* _What you are asked to do_
Reproduce the entries that follow exactly. No picture should appear in the result.

* _Exercise inputs_
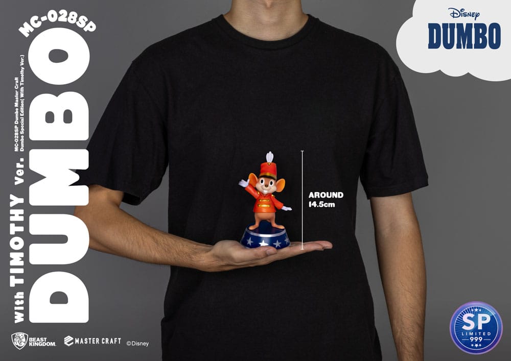 Beast Kingdom's "Master Craft" collection of highly detailed statues introduces a special edition series for 'Dumbo'. This time, sporting a pearlescent effect, the intricate design features a soft color palette as his large, signature ears reveal his shy and adorable look. Dumbo is seen here holding a feather given by the crow, now in a blue color, symbolizing the joy of Dumbo as he has his friend by his side. Most importantly, we can't miss Dumbo's supportive best friend in his new color scheme! "Timothy" joins the ranks of the Master Craft line-up as he takes the stage with his best friend, adding a little extra touch of warmth with this special edition. Don't miss out on this exquisitely beautiful Dumbo collectible, which is limited to 999 pieces worldwide. Hurry up and grab him tightly, only from an official Beast Kingdom outlet!
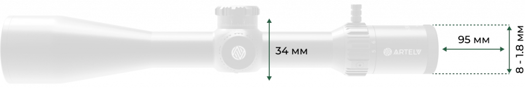 Конструкция оптического прицела с 34-миллиметровой центральной трубкой выгодного выделяется более широкой окулярной частью для быстрого и комфортного прицеливания. Выходной зрачок 8-1.8мм предусматривает безопасное удаление на 95мм, позволяя в считанные секунды захватить цель без необходимости вплотную прижимать глаз к окуляру. Универсальный посадочный диаметр прицела 34мм исключает трудности подбора монтажных колец, а расширение окулярной части способствует еще более комфортной и продуктивной охоте.
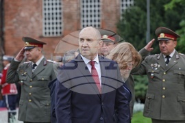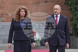 София (9 май 2024) Президентът Румен Радев и вицепрезидентът поднасят цветя пред Паметника на Незнайния воин, по повод отбелязването на 79 години от победата над нацизма във Втората световна война.
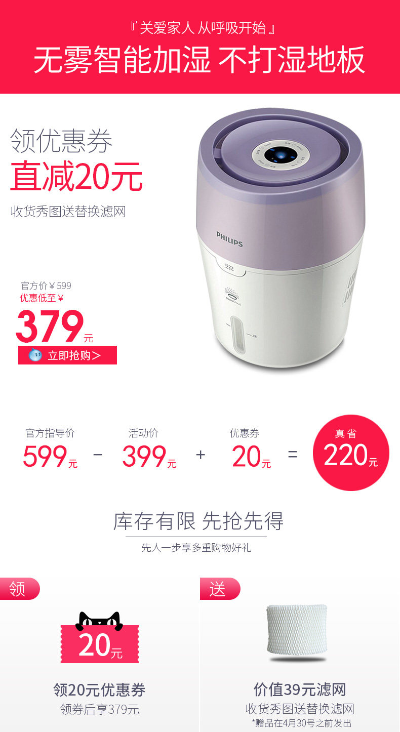 (82)[伟盛电器商城加湿器]空气加湿器家用静音卧室除螨杀菌大雾量月销量99件仅售288元
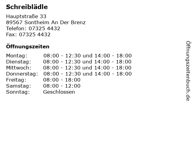 | Öffnungszeiten Schreiblädle in Sontheim An Der Brenz anzeigen | |
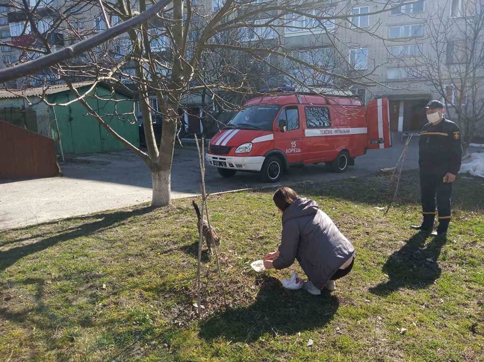 Учора, 20 березня на лінію "101" надійшло повідомлення від жительки міста Корець про те, що на непрацюючій водонапірній башті, що розміщена поблизу 120-ти квартирного житлового будинку по вулиці Володимирській на технічному майданчику водонапірної башти вже два дні нявчить котеня та не може самостійно спуститися до низу.
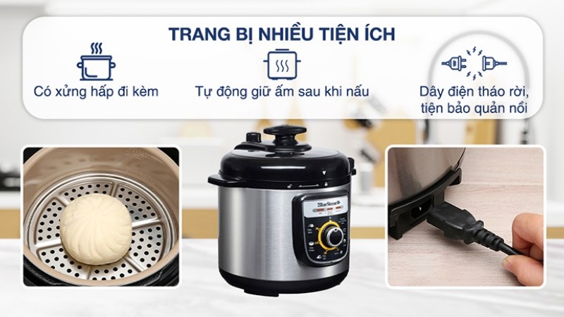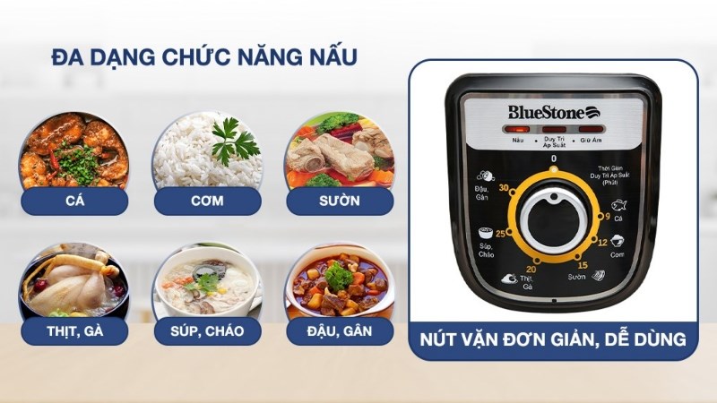 Nồi áp suất Bluestone được trang bị khá nhiều chức năng nấu tiện lợi như hầm, hạt/đậu, hấp, nấu cháo, súp, luộc, làm bánh, sữa chua, gà, bò,...hỗ trợ người dùng hiệu quả khi nấu, hầm thức ăn tiện lợi.

* _Exercise response_
 Beast Kingdom's "Master Craft" collection of highly detailed statues introduces a special edition series for 'Dumbo'. This time, sporting a pearlescent effect, the intricate design features a soft color palette as his large, signature ears reveal his shy and adorable look. Dumbo is seen here holding a feather given by the crow, now in a blue color, symbolizing the joy of Dumbo as he has his friend by his side. Most importantly, we can't miss Dumbo's supportive best friend in his new color scheme! "Timothy" joins the ranks of the Master Craft line-up as he takes the stage with his best friend, adding a little extra touch of warmth with this special edition. Don't miss out on this exquisitely beautiful Dumbo collectible, which is limited to 999 pieces worldwide. Hurry up and grab him tightly, only from an official Beast Kingdom outlet!
 Конструкция оптического прицела с 34-миллиметровой центральной трубкой выгодного выделяется более широкой окулярной частью для быстрого и комфортного прицеливания. Выходной зрачок 8-1.8мм предусматривает безопасное удаление на 95мм, позволяя в считанные секунды захватить цель без необходимости вплотную прижимать глаз к окуляру. Универсальный посадочный диаметр прицела 34мм исключает трудности подбора монтажных колец, а расширение окулярной части способствует еще более комфортной и продуктивной охоте.
 София (9 май 2024) Президентът Румен Радев и вицепрезидентът поднасят цветя пред Паметника на Незнайния воин, по повод отбелязването на 79 години от победата над нацизма във Втората световна война.
 (82)[伟盛电器商城加湿器]空气加湿器家用静音卧室除螨杀菌大雾量月销量99件仅售288元
 | Öffnungszeiten Schreiblädle in Sontheim An Der Brenz anzeigen | |
 Учора, 20 березня на лінію "101" надійшло повідомлення від жительки міста Корець про те, що на непрацюючій водонапірній башті, що розміщена поблизу 120-ти квартирного житлового будинку по вулиці Володимирській на технічному майданчику водонапірної башти вже два дні нявчить котеня та не може самостійно спуститися до низу.
 Nồi áp suất Bluestone được trang bị khá nhiều chức năng nấu tiện lợi như hầm, hạt/đậu, hấp, nấu cháo, súp, luộc, làm bánh, sữa chua, gà, bò,...hỗ trợ người dùng hiệu quả khi nấu, hầm thức ăn tiện lợi.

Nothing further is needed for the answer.